Most candidates describe RTB as a pipeline. It is actually a market. The difference matters because markets have adversarial dynamics, information asymmetry, and equilibria that pipelines don't have.

The participants:

  • Publisher: Owns the ad inventory (webpage, app, video). Wants maximum revenue per impression.
  • SSP (Supply-Side Platform): Aggregates publisher inventory. Runs the auction.
  • Ad Exchange: Matching layer between SSPs and DSPs. OpenRTB protocol standardizes message format.
  • DSP (Demand-Side Platform): Represents advertisers. Receives bid requests, evaluates them, returns bids. This is where the ML system lives.
  • Advertiser: Has a campaign budget, target audience, and performance goal (clicks, conversions, awareness).

Two auction models you must know:

  • Second-price auction (Vickrey): Highest bidder wins, pays second-highest bid + ε. Honest bidding incentive: optimal strategy is to bid your true value.

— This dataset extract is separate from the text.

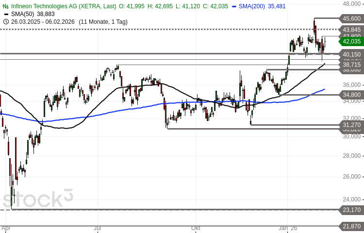 Die Aktie des Halbleiterkonzerns Infineon (WKN: 623100) bewegte sich seit 2023 in einer breiten Stauzone, die sich von 23,17 EUR bis 40,27 EUR erstreckte. Am 6. Januar gelang der Ausbruch auf der Oberseite und damit ein bullishes Anschlusssignal. Der nachfolgende Anstieg über das Hoch aus dem Jahr 2021 bei 43,85 EUR erwies sich jedoch als Fehlausbruch. Ausgehend von Verlaufshoch bei 45,60 EUR erfolgte ein Pullback. Im charttechnischen Fokus steht nun die breite Supportzone bei 38,06-40,27 EUR. Können die Bullen diese Zone verteidigen, bleibt der mittelfristige Aufwärtstrend ungefährdet. Darunter müsste hingegen eine Ausdehnung der Abwärtskorrektur in Richtung der kritischen Unterstützungsregion 34,80-37,00 EUR eingeplant werden. Nächste Widerstände befinden sich bei 42,80 EUR, 43,44-43,85 EUR und 45,60-46,80 EUR. Darüber würde die übergeordnete Hausse bestätigt mit möglichen nächsten Ausdehnungszielen bei 48,38 EUR, 50,84-52,58 EUR und 55,97/57,37 EUR.

Standard for many years in programmatic advertising.
  • First-price auction: Highest bidder wins, pays exactly what they bid. Google and many exchanges migrated to first-price in 2019-2021. Optimal strategy changes significantly — you must now predict the clearing price and bid just above it, not your true value. This is the dominant model in 2026. Your bid optimization algorithm changes shape depending on which you're designing for.
TIP

What Interviewers Are Evaluating at Each Level

Mid-level: Can you describe the SSP/DSP/Exchange architecture and the OpenRTB request/response flow? Do you understand CTR prediction as the core ML task? Can you name the 100ms latency constraint and explain what happens if you miss it?

Senior-level: Can you give the 50ms DSP budget broken down by operation? Do you understand the bandit framing for segment exploration? Can you describe at least one concrete budget pacing approach beyond 'use Redis'? Do you name Go or C++ as the serving language choice and explain why?

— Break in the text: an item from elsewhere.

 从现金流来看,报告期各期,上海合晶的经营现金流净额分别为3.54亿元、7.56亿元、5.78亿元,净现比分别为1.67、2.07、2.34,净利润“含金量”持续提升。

Staff-level: Can you describe auction bias and the IPS correction? Do you understand bid shading for first-price auctions and why it's necessary? Can you design the distributed budget state system? Do you analyze the feedback loop pathologies (budget oscillation, winner's curse) with specific interventions?

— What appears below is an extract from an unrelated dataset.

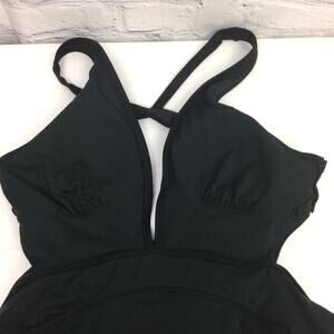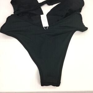 Cupshe + Jojo Fletcher Women's Black Deep V Neck High Cut One Piece Bathing Suit Size Large

Clarifying Questions — Ask These First

01

What auction type?

Second-price vs first-price determines the entire bid optimization strategy. In second-price: bid your true value. In first-price: bid slightly below true value (bid shading based on predicted clearing price). Most production systems in 2026 operate on first-price auctions.

02

What campaign objective?

CPC (cost per click), CPM (cost per thousand impressions), CPA (cost per acquisition), ROAS (return on ad spend). The objective determines what CTR/CVR model output you optimize. CPA is hardest — conversion signal is delayed 24-48 hours, creating training data lag.

03

What latency budget?

Google AdX: 80ms total exchange window. OpenRTB default: 120ms. DSP gets roughly 50ms of that. This is not soft — miss the window and your bid is ignored, budget goes unspent, campaign misses goals.

04

Single advertiser or multi-tenant?

A multi-tenant DSP serving hundreds of advertisers has a budget state management problem that a single-advertiser system doesn't. The distributed budget counter is only a problem at scale.

05

What budget granularity?

Daily caps, hourly caps, or total campaign budgets — each creates different pacing challenges. Hourly caps are harder to smooth because the time window is short and traffic variance is high.